-------- Records for the exercise

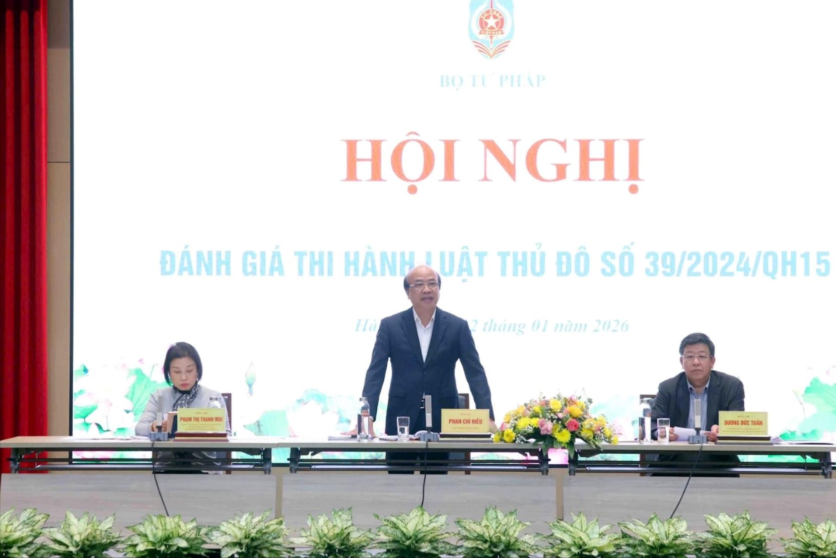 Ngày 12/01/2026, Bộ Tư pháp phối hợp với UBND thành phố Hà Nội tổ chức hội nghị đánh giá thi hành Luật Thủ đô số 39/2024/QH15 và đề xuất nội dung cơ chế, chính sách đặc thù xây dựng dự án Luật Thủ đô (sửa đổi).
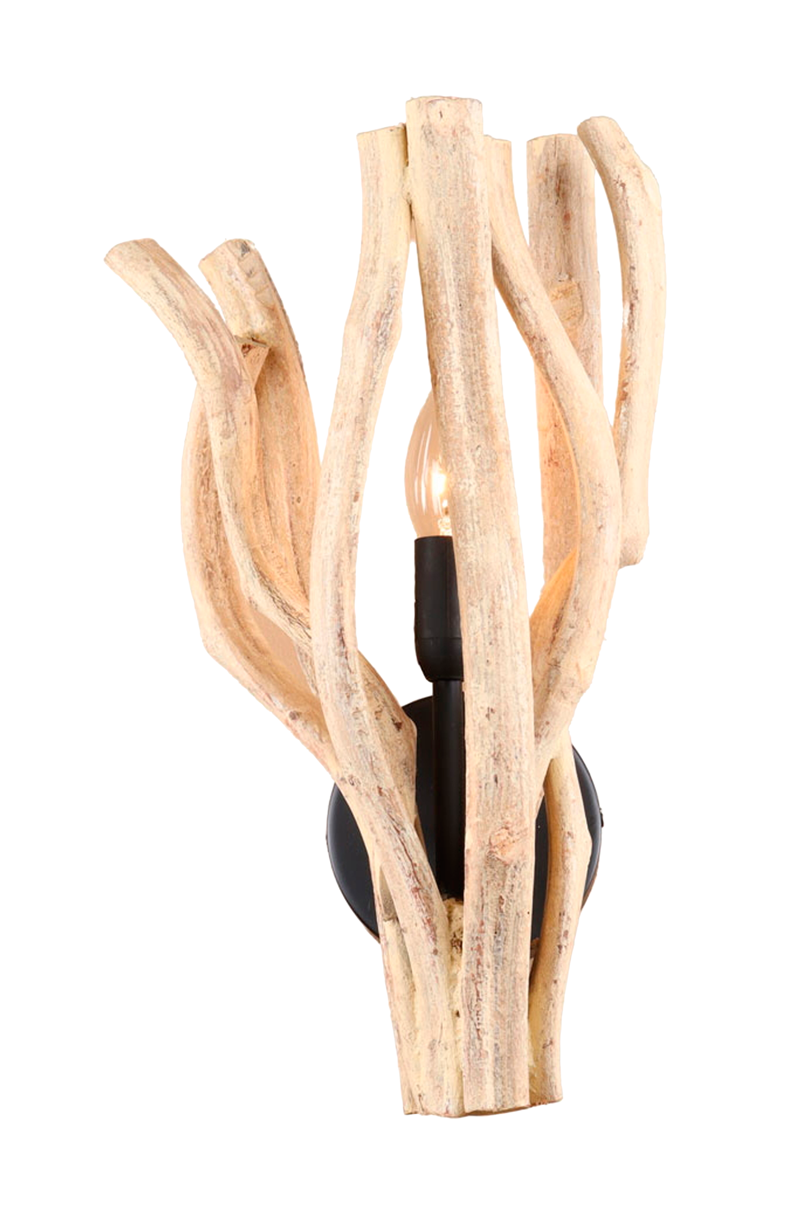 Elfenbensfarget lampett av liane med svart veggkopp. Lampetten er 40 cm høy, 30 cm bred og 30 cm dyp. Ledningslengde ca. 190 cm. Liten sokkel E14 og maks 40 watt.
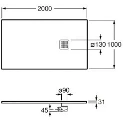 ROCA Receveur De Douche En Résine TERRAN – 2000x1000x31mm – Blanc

----------------
-------- Records for the exercise

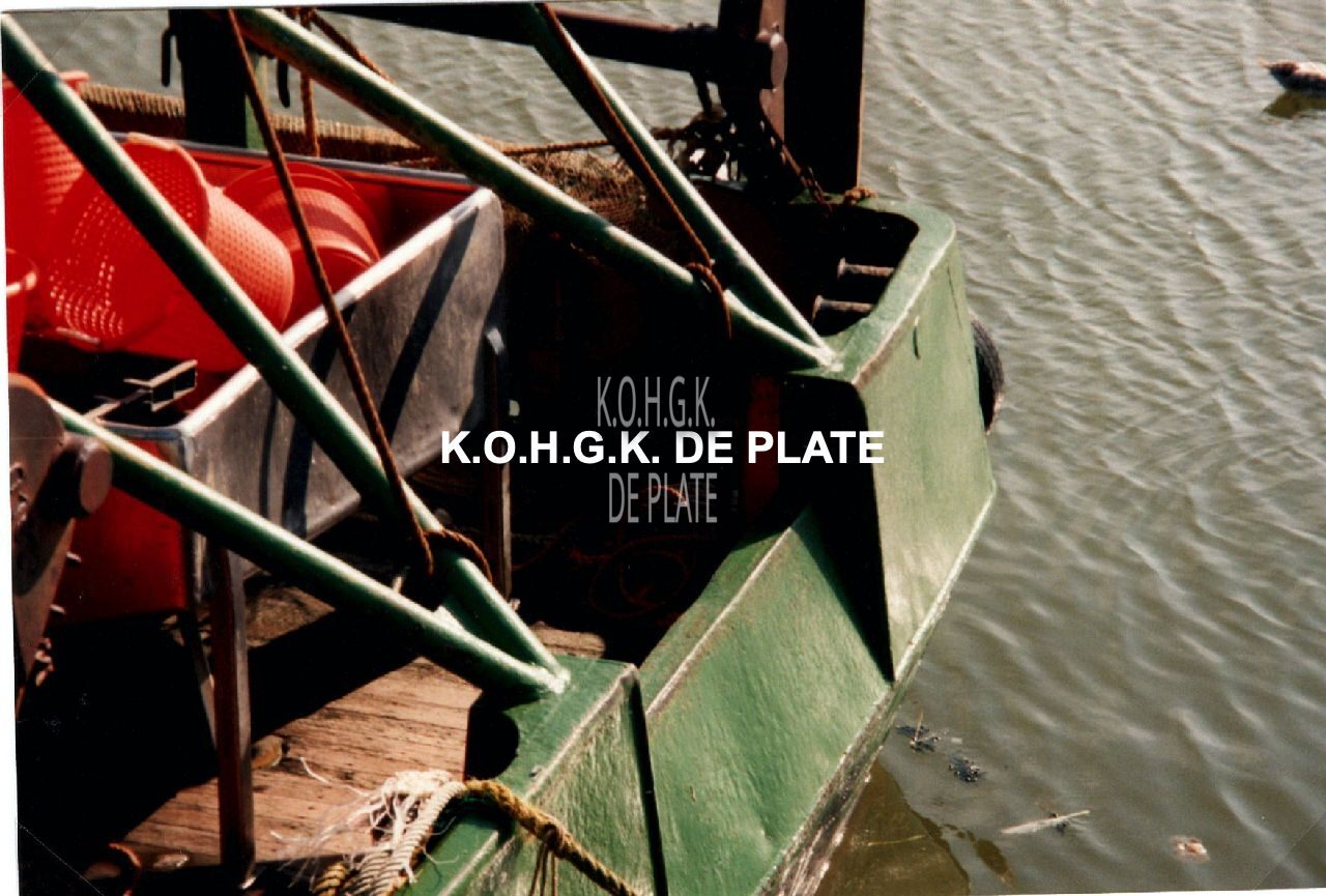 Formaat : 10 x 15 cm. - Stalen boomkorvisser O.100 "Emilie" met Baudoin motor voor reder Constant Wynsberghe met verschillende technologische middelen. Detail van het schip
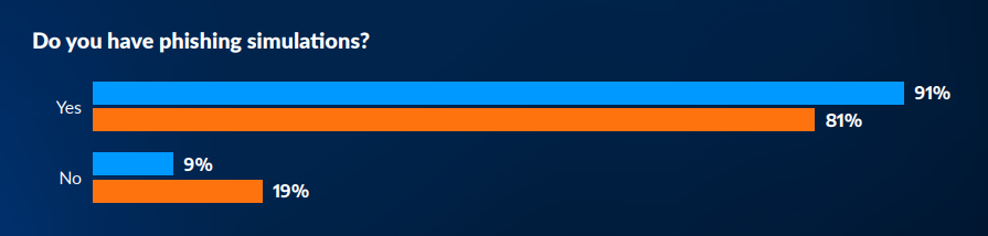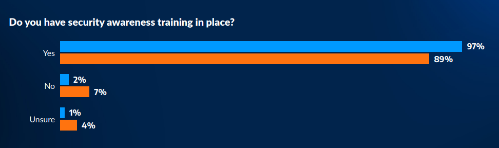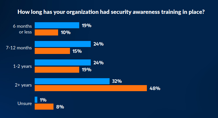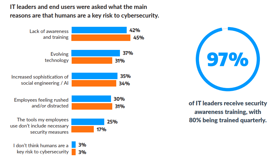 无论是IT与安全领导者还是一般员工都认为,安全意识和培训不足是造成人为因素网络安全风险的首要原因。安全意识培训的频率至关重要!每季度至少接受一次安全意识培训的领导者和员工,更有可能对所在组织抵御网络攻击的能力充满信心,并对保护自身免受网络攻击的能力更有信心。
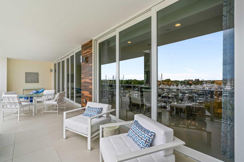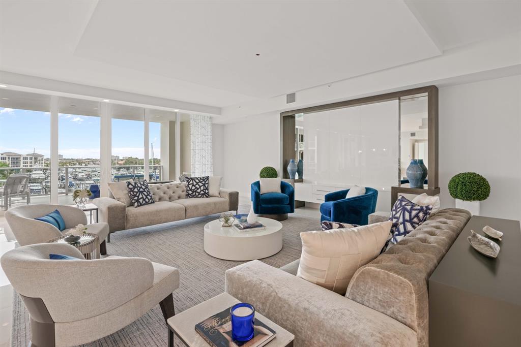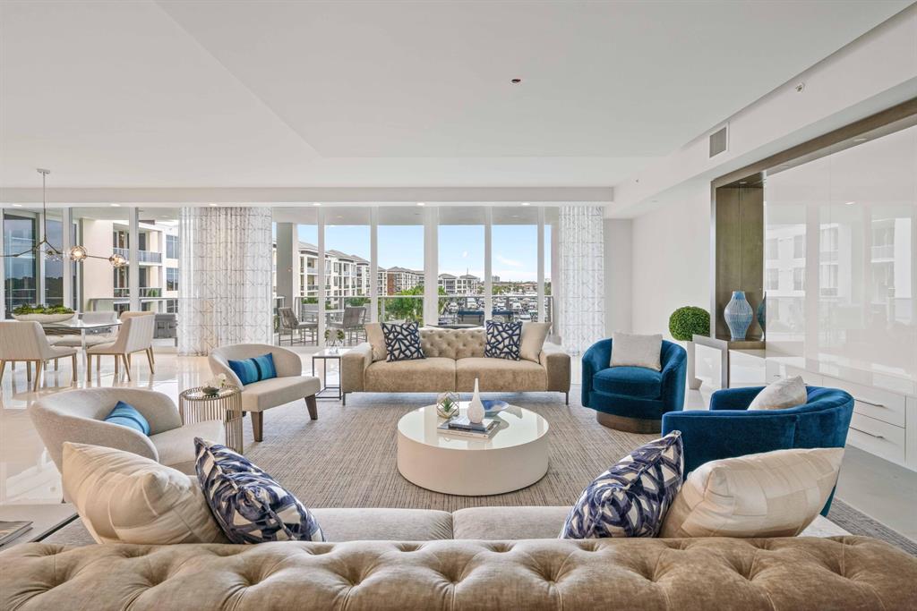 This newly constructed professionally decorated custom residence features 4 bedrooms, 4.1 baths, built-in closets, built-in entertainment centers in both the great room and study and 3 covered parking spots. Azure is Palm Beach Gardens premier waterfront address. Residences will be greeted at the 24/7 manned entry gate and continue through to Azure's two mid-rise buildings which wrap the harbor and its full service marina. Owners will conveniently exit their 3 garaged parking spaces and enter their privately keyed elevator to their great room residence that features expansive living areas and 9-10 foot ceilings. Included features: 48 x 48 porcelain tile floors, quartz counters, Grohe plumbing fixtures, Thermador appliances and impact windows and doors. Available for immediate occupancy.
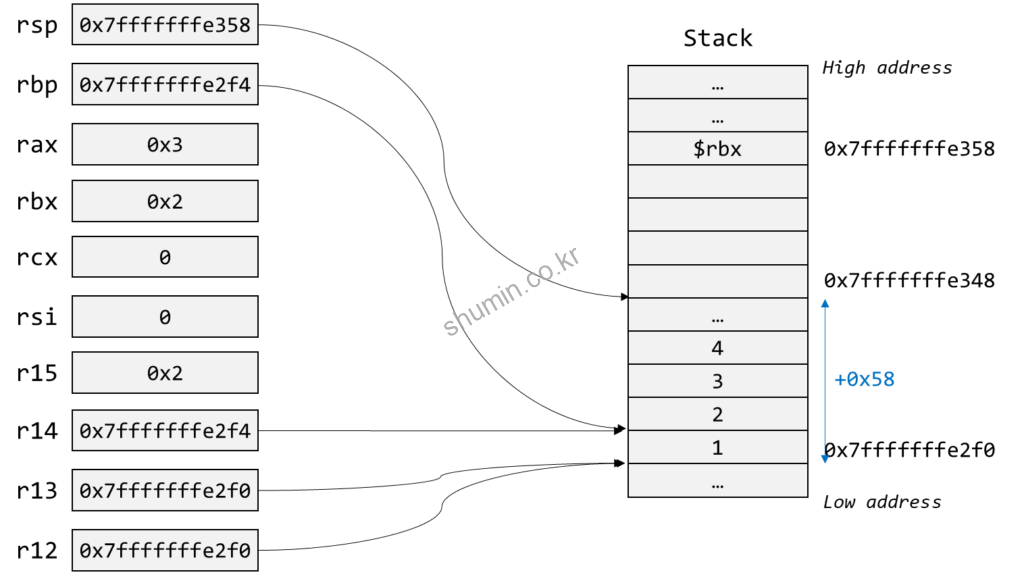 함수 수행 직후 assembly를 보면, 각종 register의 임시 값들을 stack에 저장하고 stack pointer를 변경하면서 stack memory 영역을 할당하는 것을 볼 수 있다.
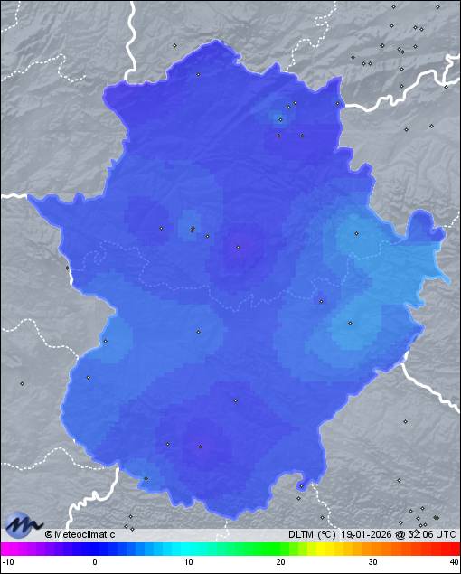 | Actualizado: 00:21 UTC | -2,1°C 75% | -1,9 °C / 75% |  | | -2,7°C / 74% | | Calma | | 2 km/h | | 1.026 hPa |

----------------

= Required action =
Print exactly, with no pictures, the lines above from the one that holds "Ngày 12/01/2026, Bộ" through the one that holds "ROCA Receveur De", both of them included.

= Written response =
 Ngày 12/01/2026, Bộ Tư pháp phối hợp với UBND thành phố Hà Nội tổ chức hội nghị đánh giá thi hành Luật Thủ đô số 39/2024/QH15 và đề xuất nội dung cơ chế, chính sách đặc thù xây dựng dự án Luật Thủ đô (sửa đổi).
 Elfenbensfarget lampett av liane med svart veggkopp. Lampetten er 40 cm høy, 30 cm bred og 30 cm dyp. Ledningslengde ca. 190 cm. Liten sokkel E14 og maks 40 watt.
 ROCA Receveur De Douche En Résine TERRAN – 2000x1000x31mm – Blanc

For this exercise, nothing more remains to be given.